Make sure you have sufficient storage for your particular deployment. For more information on sizing considerations, see Deployment Planning Guide.

Each deployment is unique and should be discussed with your installer and ForgeRock.

For this example, use the following configuration for this example multi-node deployment:

Suggested Topology

Num Nodes

Cores

Memory

Deployer

1

2 vCPU

4 GB

Docker Manager

1

8 vCPU

32 GB

Docker Worker

1

8 vCPU

32 GB

Cassandra Seeds

2

8 vCPU

32 GB

Spark Master

1

16 vCPU

64 GB

Spark Worker

2

8 vCPU

32 GB

Elasticsearch (ODFE) Master/Kibana

1

8 vCPU

32 GB

ODFE Data

1

8 vCPU

32 GB

Set Up the Nodes

Set up your VMs based on the Example Topology.
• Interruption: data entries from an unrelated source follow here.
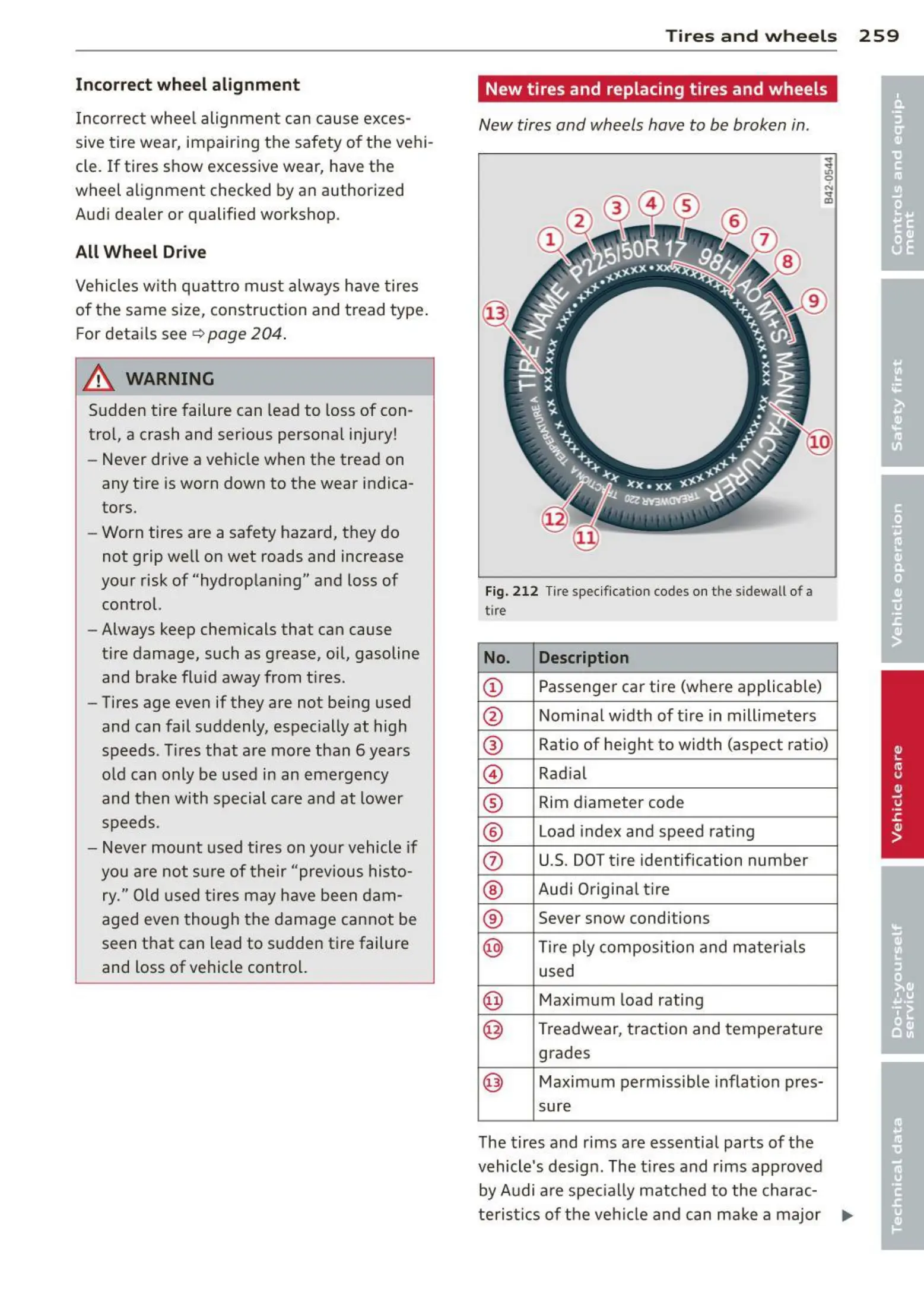 Fig. 212 Tire specificat ion codes on t he sidewall of a
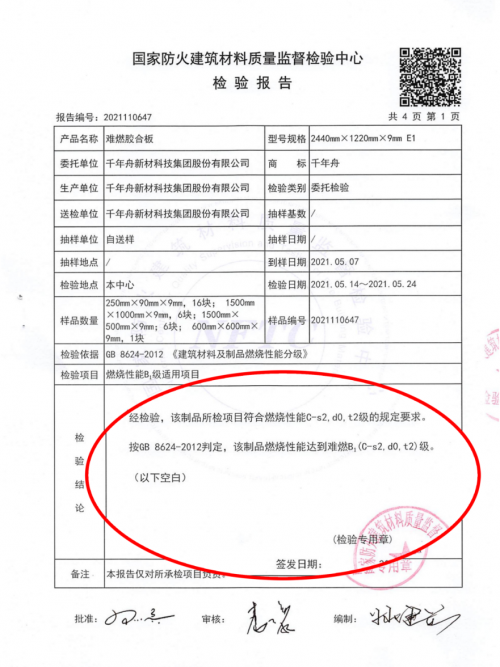 除此之外,千年舟难燃胶合板通过国家防火建筑材料质量监督检验中心检测,符合GB 20286-2006《公众场合阻燃制品及组件燃烧性能要求和标识》认证要求,获得公共场所难燃制品及组件标识使用证书,单体燃烧、可燃性、烟气毒性等级检测均合格。因此,在遇火后起烟慢、产烟少、烟毒性更低,可以避免因火势冒出的浓烟而引起的危害,更安全。
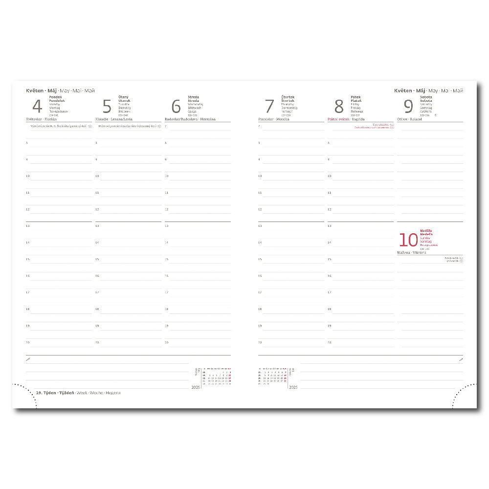 mezinárodní svátky, roční výhled, týdenní layout, adresář,
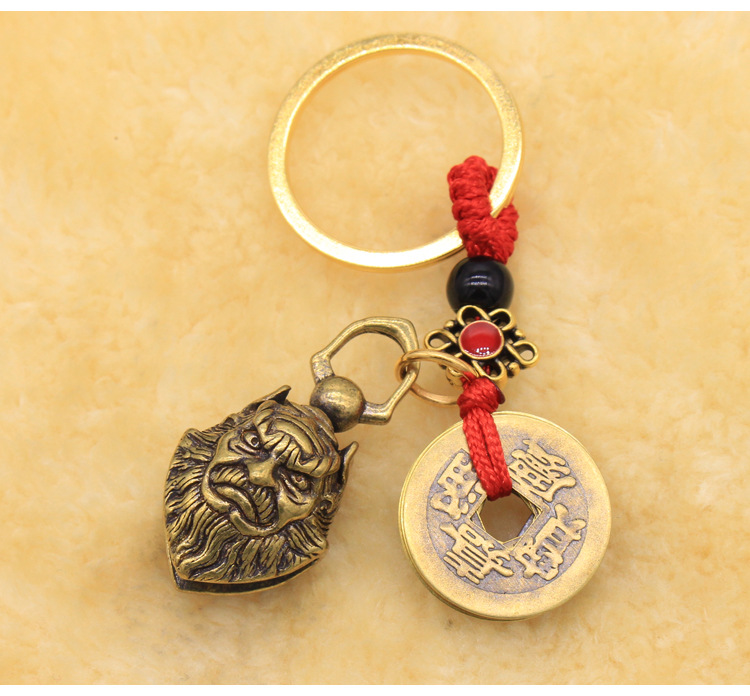 キーチェーンのアクセサリーは伝統的な真銅の五帝のお金の真鍮の鈴の蛇口の風鈴のペンダントの手作りの復古の三獅子を飾ります。
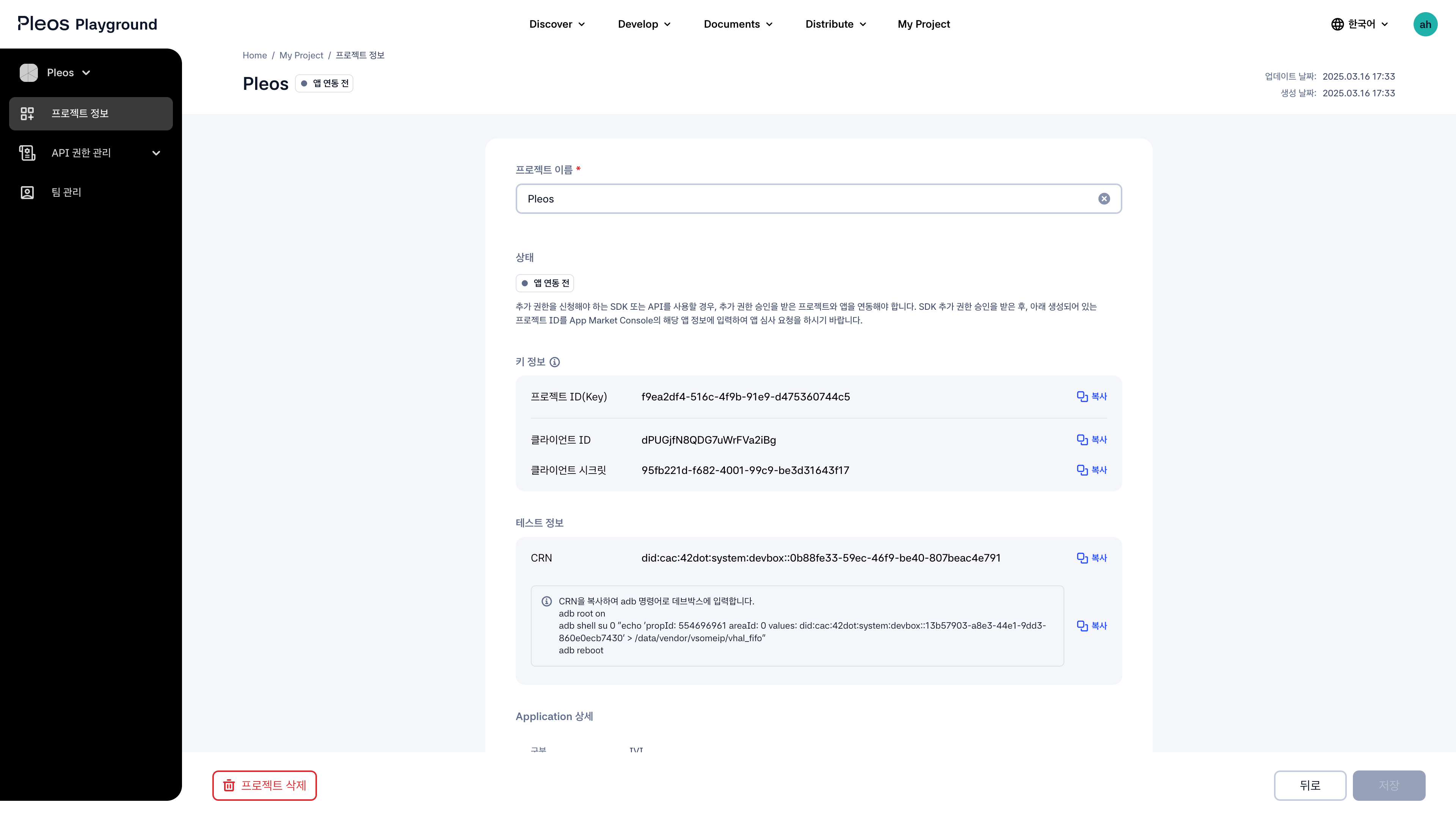 - Copy the CRN from My Project > Project Info > Test Info.

  1. For each VM, make sure that you have CentOS 7 as your operating system. Check your CentOS 7 version.

    $ sudo cat /etc/centos-release
  2. Set the user for the target node to a username of your choice:

    1. In this example, create user autoid.

      $ sudo adduser autoid
    2. Set the password for the user you created in the previous step.

      $ sudo passwd autoid
    3. Configure the user for passwordless sudo.

      $ echo "autoid  ALL=(ALL)  NOPASSWD:ALL" | sudo tee /etc/sudoers.d/autoid
    4. Add administrator privileges to the user.

      $ sudo usermod -aG wheel autoid
  3. Change to the user account.

    $ su - autoid
  4. Install yum-utils package on the deployer machine. yum-utils is a utilities manager for the Yum RPM package repository. The repository compresses software packages for Linux distributions.

    $ sudo yum install -y yum-utils

Install Docker on the Deployer Machine

Install Docker on the deployer machine. We run commands from this machine to install Autonomous Identity on the target machine. In this example, we use CentOS 7.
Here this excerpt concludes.